= Provided data =
--*--

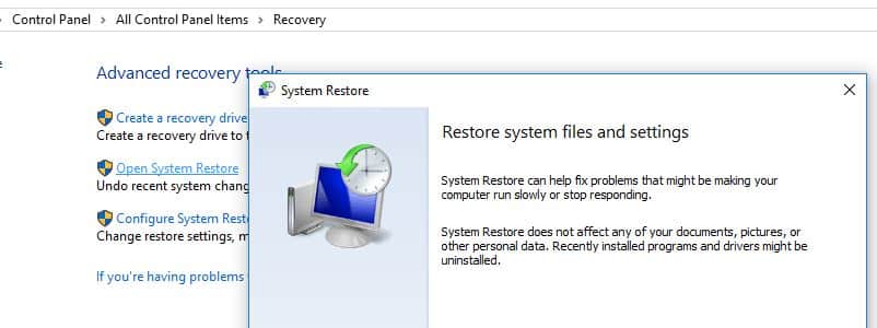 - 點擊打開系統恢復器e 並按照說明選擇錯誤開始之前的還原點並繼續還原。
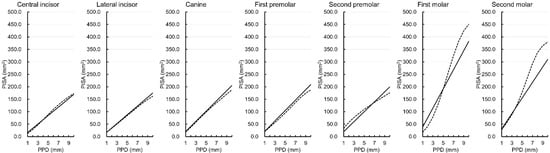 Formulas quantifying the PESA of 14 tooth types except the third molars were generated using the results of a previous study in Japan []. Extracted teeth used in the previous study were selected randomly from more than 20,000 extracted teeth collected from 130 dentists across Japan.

--*--

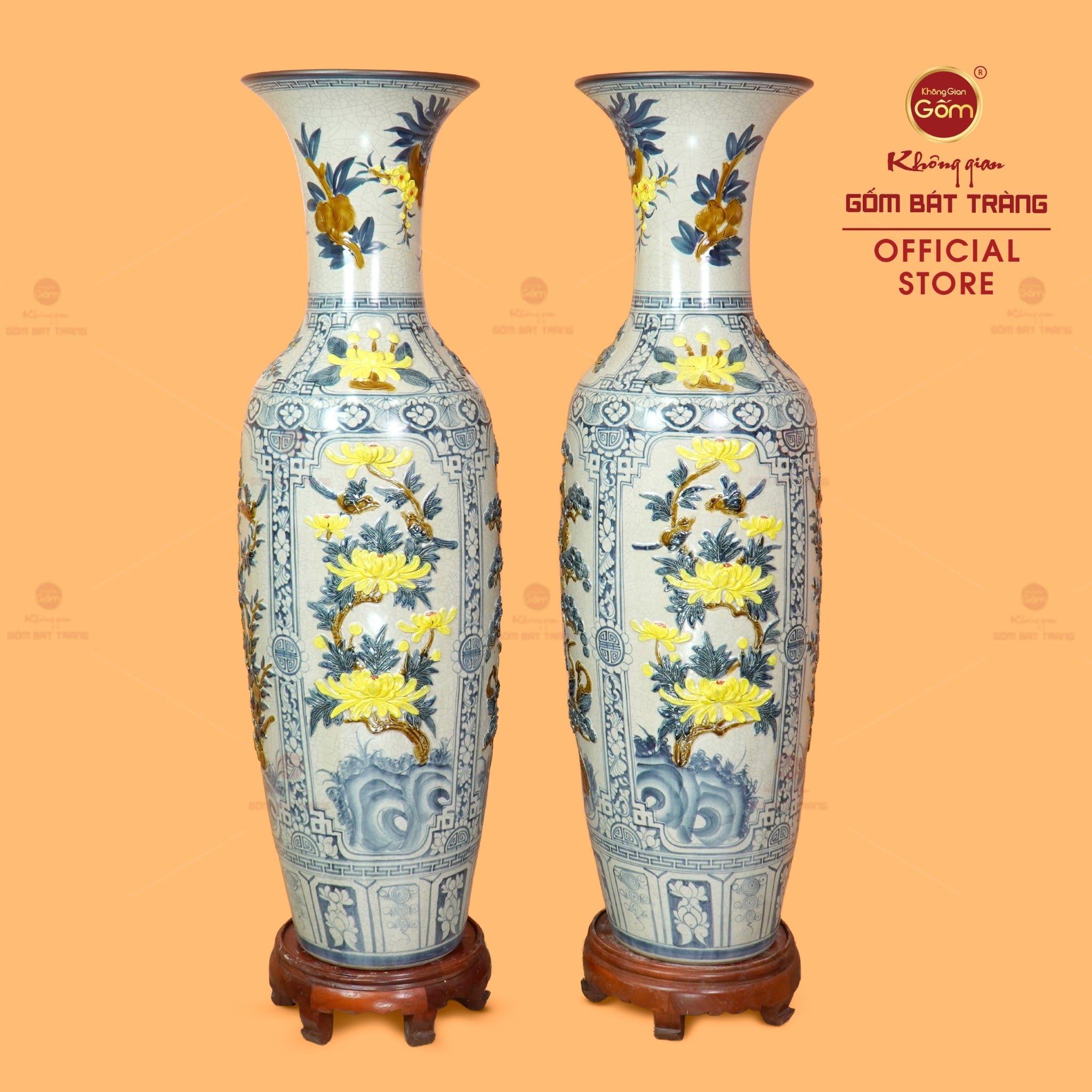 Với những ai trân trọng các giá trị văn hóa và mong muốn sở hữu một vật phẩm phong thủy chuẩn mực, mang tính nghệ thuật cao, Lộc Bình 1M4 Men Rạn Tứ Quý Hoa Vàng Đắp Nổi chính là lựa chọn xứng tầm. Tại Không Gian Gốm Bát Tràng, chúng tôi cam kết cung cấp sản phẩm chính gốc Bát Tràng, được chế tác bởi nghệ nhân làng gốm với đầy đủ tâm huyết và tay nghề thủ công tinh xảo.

--*--

= Activity =
In the listing above, find the line containing "- 點擊打開系統恢復器e 並按照說明選擇錯誤開始之前的還原點並繼續還原。" and the line containing "Formulas quantifying the"; print those lines and every line between them exactly, leaving out pictures.

= Result =
 - 點擊打開系統恢復器e 並按照說明選擇錯誤開始之前的還原點並繼續還原。
 Formulas quantifying the PESA of 14 tooth types except the third molars were generated using the results of a previous study in Japan []. Extracted teeth used in the previous study were selected randomly from more than 20,000 extracted teeth collected from 130 dentists across Japan.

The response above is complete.